Ohhh darn. I will look into that app thank you much.


----------



## Oden (Feb 8, 2012)

Jmayspaint said:


> It's no more, have to get Tapatalk


Yeh I got the paint talk app on my iPad, but I guess if I ever swap out devices I lose it forever, which? Naaah that wouldn't be good, the tapa talk isn't as good, and the regular site is worse.
How do they lose these things I never get that.
I'd love to have f I could undo on my iPad all the updates, the iOS and all that over the time. Can't do it. Apparently you can't go back. It used to operate better for what I want, this iPad,without the updates installed but I can't go back now. It's a conspiracy.
They make new programs so you install em on ur old devices, and the old device it doesn't support the new program, so you now need a new device, cause they won't let you uninstall.


----------



## ExcelPaintingCo (Apr 16, 2011)

Oden said:


> Yeh I got the paint talk app on my iPad, but I guess if I ever swap out devices I lose it forever, which? Naaah that wouldn't be good, the tapa talk isn't as good, and the regular site is worse. How do they lose these things I never get that. I'd love to have f I could undo on my iPad all the updates, the iOS and all that over the time. Can't do it. Apparently you can't go back. It used to operate better for what I want, this iPad,without the updates installed but I can't go back now. It's a conspiracy. They make new programs so you install em on ur old devices, and the old device it doesn't support the new program, so you now need a new device, cause they won't let you uninstall.

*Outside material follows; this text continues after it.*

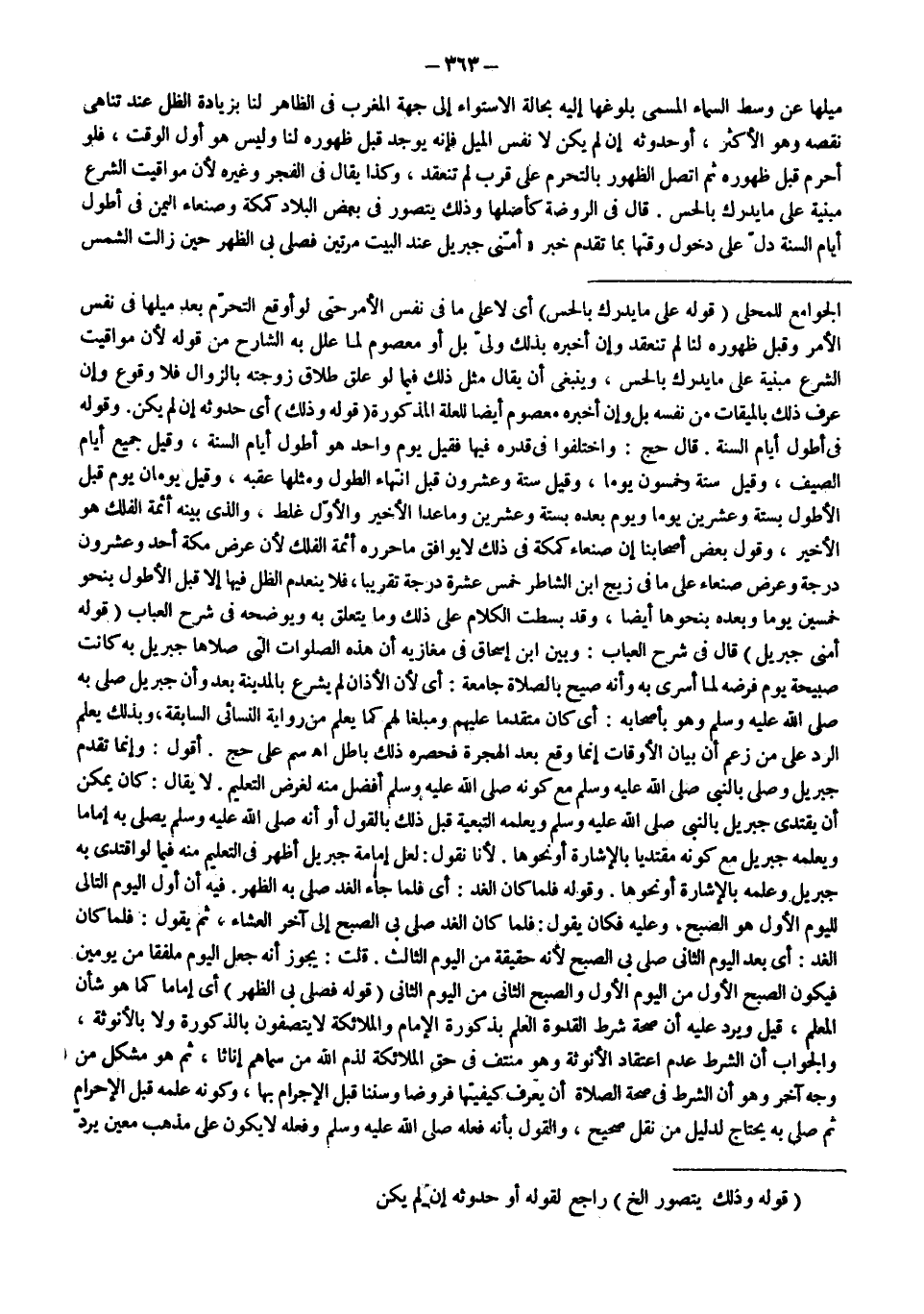 ـــــــــــــــــــــــــــــSالْجَوَامِعِ لِلْمَحَلِّيِّ (قَوْلُهُ: عَلَى مَا يُدْرَكُ بِالْحِسِّ) أَيْ لَا عَلَى مَا فِي نَفْسِ الْأَمْرِ حَتَّى لَوْ أَوْقَعَ التَّحَرُّمَ بَعْدَ مَيْلِهَا فِي نَفْسِ الْأَمْرِ وَقَبْلَ ظُهُورِهِ لَنَا لَمْ تَنْعَقِدْ وَإِنْ أَخْبَرَهُ بِذَلِكَ وَلِيٌّ بَلْ أَوْ مَعْصُومٌ لِمَا عَلَّلَ بِهِ الشَّارِحُ مِنْ قَوْلِهِ لِأَنَّ مَوَاقِيتَ الشَّرْعِ مَبْنِيَّةٌ عَلَى مَا يُدْرَكُ بِالْحِسِّ، وَيَنْبَغِي أَنْ يُقَالَ مِثْلُ ذَلِكَ فِيمَا لَوْ عَلَّقَ طَلَاقَ زَوْجَتِهِ بِالزَّوَالِ فَلَا وُقُوعَ وَإِنْ عَرَفَ ذَلِكَ بِالْمِيقَاتِ مِنْ نَفْسِهِ بَلْ وَإِنْ أَخْبَرَهُ مَعْصُومٌ أَيْضًا لِلْعِلَّةِ الْمَذْكُورَةِ (قَوْلُهُ: وَذَلِكَ) أَيْ حُدُوثُهُ إنْ لَمْ يَكُنْ.
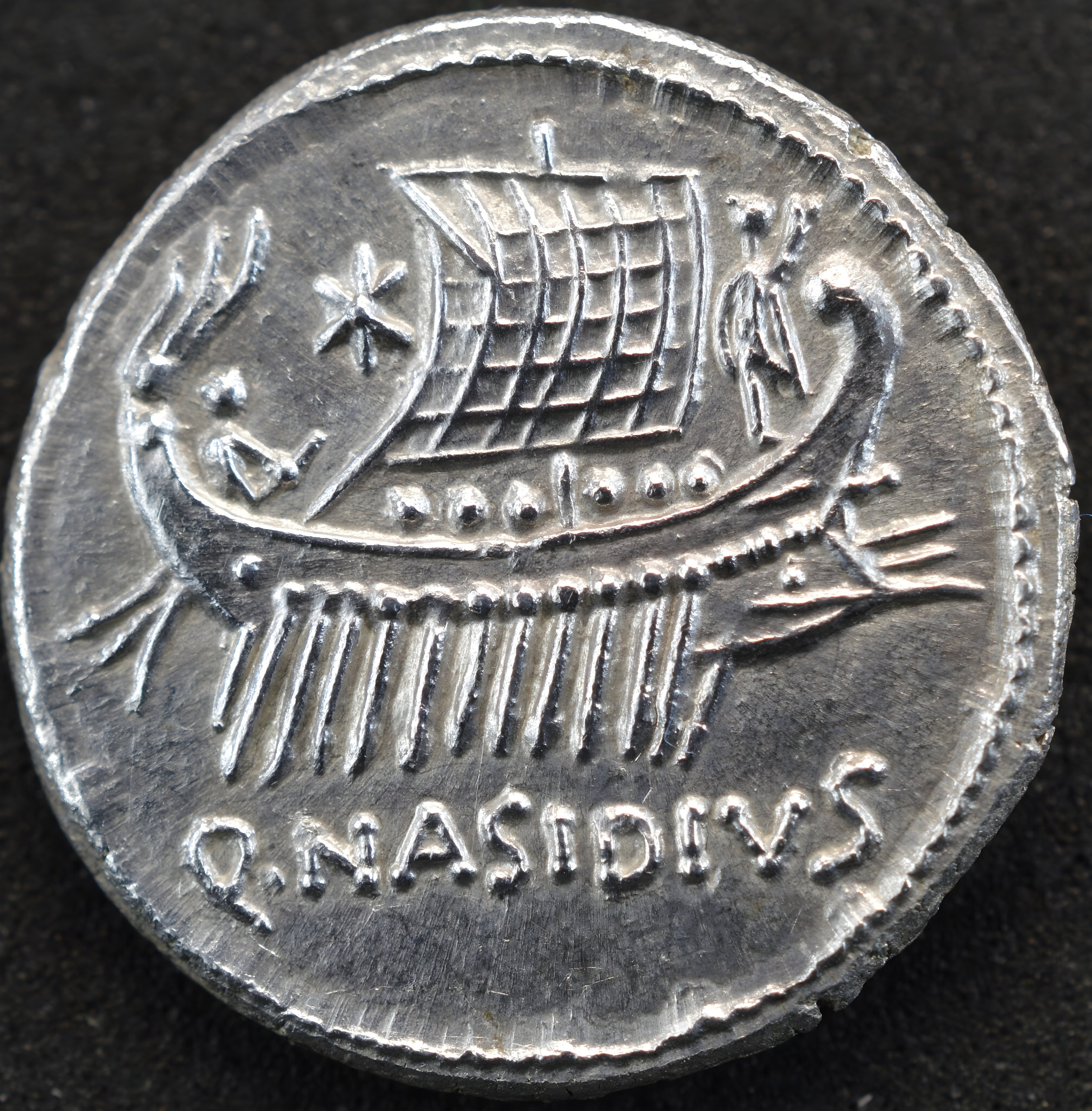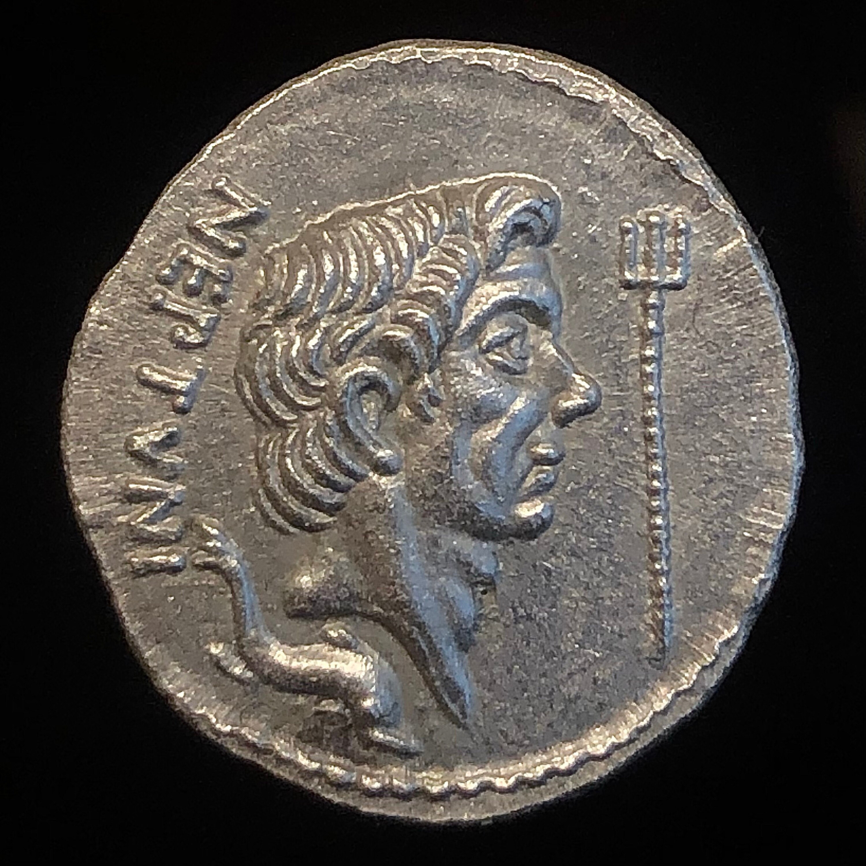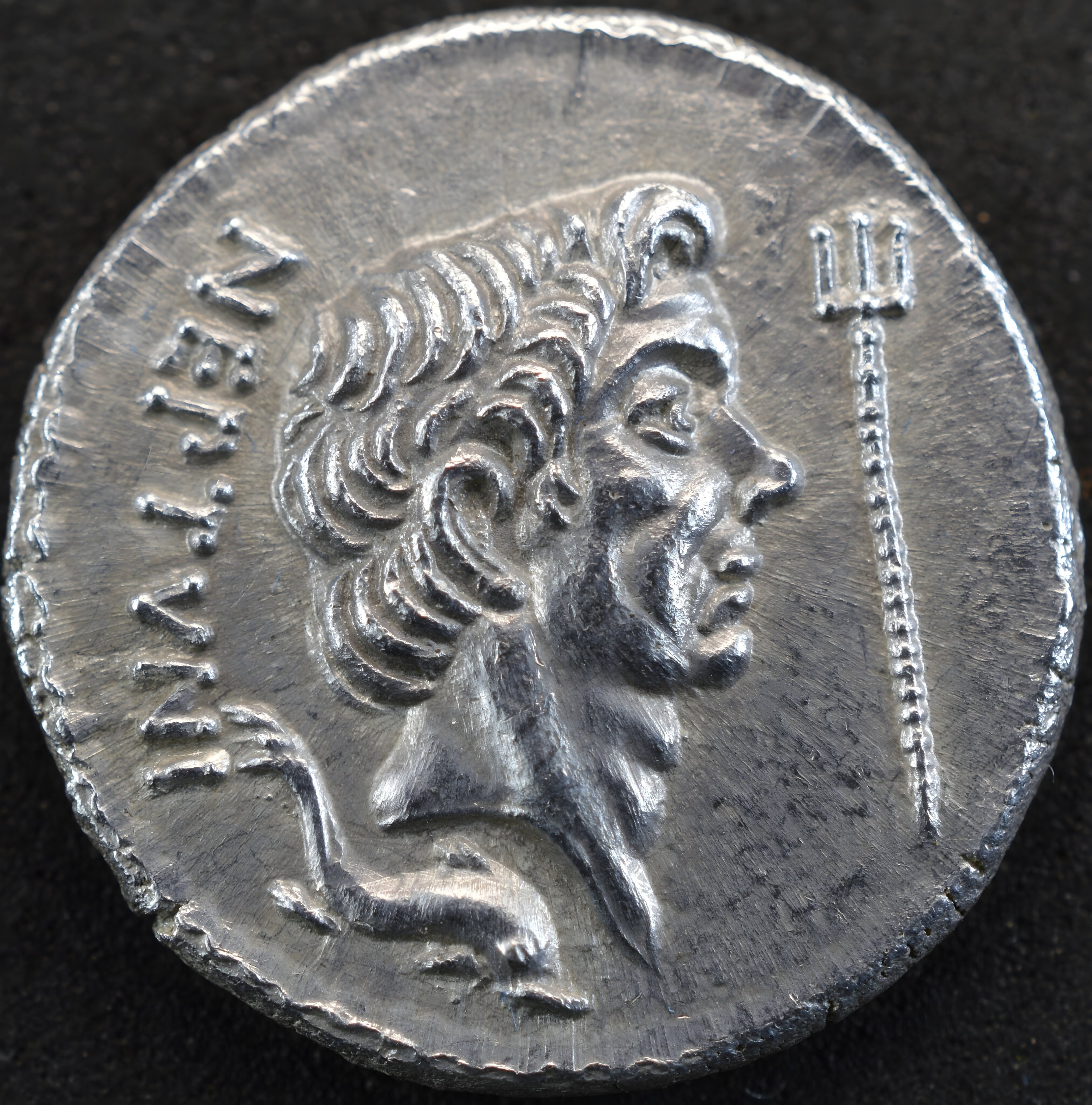 Sextus Pompey, the son of Pompey the Great, as an active player during the civil war (45-35 BC) minted several issues (RRC 477, 478, 479, 483, 511). He used them not only to pay his troops and followers but also to promote himself. To do that he started to propagate his exeptional piety – pietas. At first, he was doing that by emphasizing his devotion to his famous father (pietas erga patrem). On this coin you can see him portraying his father as Neptune. Then, he introduced also other meanings of pietas – adversus deos and erga patriam. Sextus promoted the concept in many various ways – using monetary legends, symbols, personifications and allegories. Such a consistency in his propaganda was very unusual for the previous Republican coinage. Thus, it was a key step toward the monetary propaganda we know from the later, imperial coinage.

 if you get a new iPad or iPhone, then you can transfer everything from your existing device to your new one with your PC or on the cloud. At least it worked when I got my iPhone6.


----------



## journeymanPainter (Feb 26, 2014)

Interesting, when tapatalk was acting all fubar I was able to download the paint talk app


----------



## chrisn (Jul 15, 2007)

Oden said:


> Yeh I got the paint talk app on my iPad, but I guess if I ever swap out devices I lose it forever, which? Naaah that wouldn't be good, the tapa talk isn't as good, and the regular site is worse.
> How do they lose these things I never get that.
> I'd love to have f I could undo on my iPad all the updates, the iOS and all that over the time. Can't do it. Apparently you can't go back. It used to operate better for what I want, this iPad,without the updates installed but I can't go back now. It's a conspiracy.
> They make new programs so you install em on ur old devices, and the old device it doesn't support the new program, so you now need a new device, cause they won't let you uninstall.


ya think? it's called apple:whistling2:


----------



## ReNt A PaInTeR (Dec 28, 2008)

I can still use my PT app. but its chopped off on the bottom


----------